Linux at Rancho Santiago College

Linux is being used to teach Computer Science classes at a community college in Santa Ana, California.

by Steve Moritsugu

Roughly twice a year, I find myself combing the Unix job ads in the LA Times. Luckily, this does not mean I am frequently unemployed. In fact, in addition to my full-time job integrating, supporting and teaching Unix, I am also a part-time instructor at Rancho Santiago, a community college in Santa Ana, California. For the first hour of the first class of every semester, the parking lots are a jungle, and students are struggling to find the right buildings and classrooms. I use this hour to discuss the recent Unix job ads and ``buzz words''. I cover what students will learn in my class and what additional skills employers list most often in these ads. In January 97, employers most often wanted Unix plus C programming or Unix plus Windows NT (networking). Rarely do ads mention a specific Unix operating system type such as HP, Sun or Linux.

Unix Like a Car Radio?

I use Linux extensively in my classes. I also use the free version of SCO Unix. I teach a series of three full-semester Unix classes available at Rancho:

  1. CMPR 141: Unix Operating System
  2. CMPR 241: Unix System Administration
  3. CMPR 242: Advanced Unix Shell Scripts

In each of these classes, I give my car radio analogy. There are many different styles of car radios, each with a slightly different placement of knobs and controls; yet when most people get into a strange car, they can turn on the radio, adjust the volume, change the station and maybe set their favorite stations. In the same way, Unix on different computer platforms has variations in the basic commands, e.g., how you log off or how you display a file one page at a time. There is no need to become disoriented when you face a strange car radio, oops ... I mean when you face a new variant of Unix, especially if you are on the Internet, using TELNET to access one host or another. While Linux has peculiarities that you don't find on other flavors of Unix, it is not alone. Every Unix has some peculiarities. For me, the important issue is that Linux supports all the standard Unix commands and shell features.

Why Linux?

When I first started teaching at Rancho, my biggest problem was the fact that students had no access to Unix outside of my three-hour once-per-week class. The school has a computer lab, but none of the systems there had access to Unix. I considered several alternatives before deciding on Linux. There are packages that allow you to run Unix utilities under MS-DOS. I decided against using these, because the problems that arose were not really Unix issues, such as MS-DOS not supporting upper and lower case file names or Unix permissions. There was another flavor of Unix that could be loaded from floppy, but that company is no longer in business. The free version of SCO was not available at the time and, since it is only a 2-user version, it must be installed at each station which is difficult in a lab situation.
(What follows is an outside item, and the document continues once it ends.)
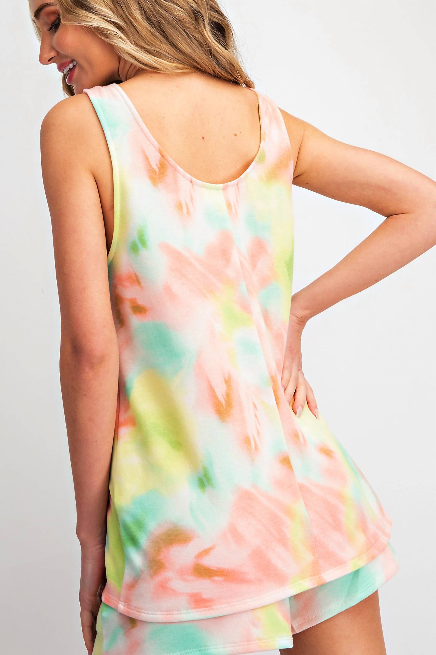 Fit, fabric and functionality. This tank top checks all the boxes. Introducing the Tie Dye Tank Top by 143 STORY, a vivid addition to your summer wardrobe. With a sleeveless design and a playful scoop neckline, this top features a draped front pocket and vibrant tie-dye print in peach, lemon, and lime hues. Composition: 63% Polyester, 34% Rayon, 3% Spandex. Made in the USA, this top features a pull-on closure with care instructions to hand wash cold. Available in sizes with the following measurements: Small (Bust 38", Length 26"), Medium (Bust 40", Length 27"), and Large (Bust 42", Length 28"). Perfect for weekends or beach days, pair it with matching shorts or your favorite jeans.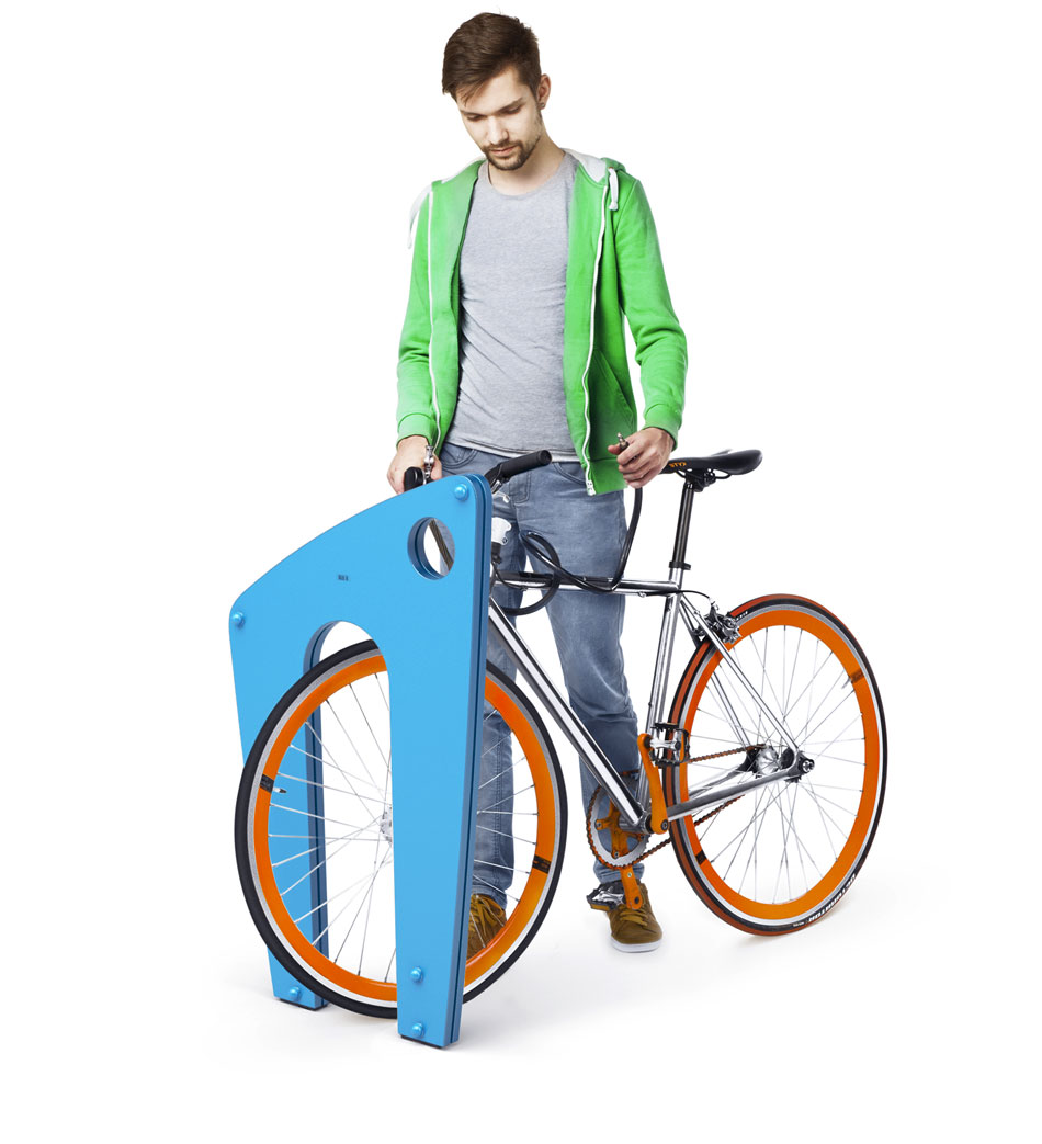 The racks are made of two high pressure laminate panels that are connected together by bolts and bushings. Panels have holes for securing the bicycle using standard anti-theft devices.

I also considered freeBSD. However, I eventually chose to use Linux in my classroom for the following reasons:

All of the above show that Linux is a thriving variant of Unix, worth studying in its own right, as well as a useful teaching tool.

On the other hand, I also warn my students that Linux is not yet fully accepted as a commercial grade of Unix by all employers. I also use the free SCO Unix in my classroom so that students can see variations in Unix side-by-side, and so they can list SCO Unix as well as Linux in their resumes.

Floppy-Based Linux

For my students, I have created a distribution of Linux which I call Floppy-Based Linux. It runs completely from floppy and never accesses the hard disk, yet it supports all the standard Unix commands and man pages. It can also use TELNET and FTP to access the Linux server running in the classroom and can print to network printers in the classroom and the computer lab. Of course, this is slower than running from hard disk, but it provides a number of advantages in my environment. My students are often computer neophytes. I need a bullet-proof environment where they can freely make mistakes. Thus, I ruled out any distributions that would require them to load software onto the hard disk, even the UMSDOS file system. I want my students to be able to work on Unix at home, at work or in the school computer lab since I believe that accessing Unix hands-on is essential to learning Unix. At the same time, I could not take a chance that a mistake on their part might alter or corrupt their home computer, work computer or lab computer.

My students can run Floppy-Based Linux on any PC with 8MB of RAM and a 3.5-inch floppy drive. The floppy diskettes are write-protected when in use, so they cannot be corrupted. The Linux kernel has been rebuilt, so that it has no drivers for IDE or SCSI hard disks to ensure that a student cannot alter the hard disk. At first, I started with the Slackware 3.0 boot diskettes and RAM disk, but I found that these are not in ELF format so I could not add some of the commands I wanted. Following the boot disk HOWTO, I created my own boot diskette and 3MB RAM disk. After loading the RAM disk, an rc script prompts the student to insert a ``Supplement'' diskette, which loads more files into the root file system in memory. Students then mount a ``Utils'' diskette which gives them access to many more Unix commands and man pages.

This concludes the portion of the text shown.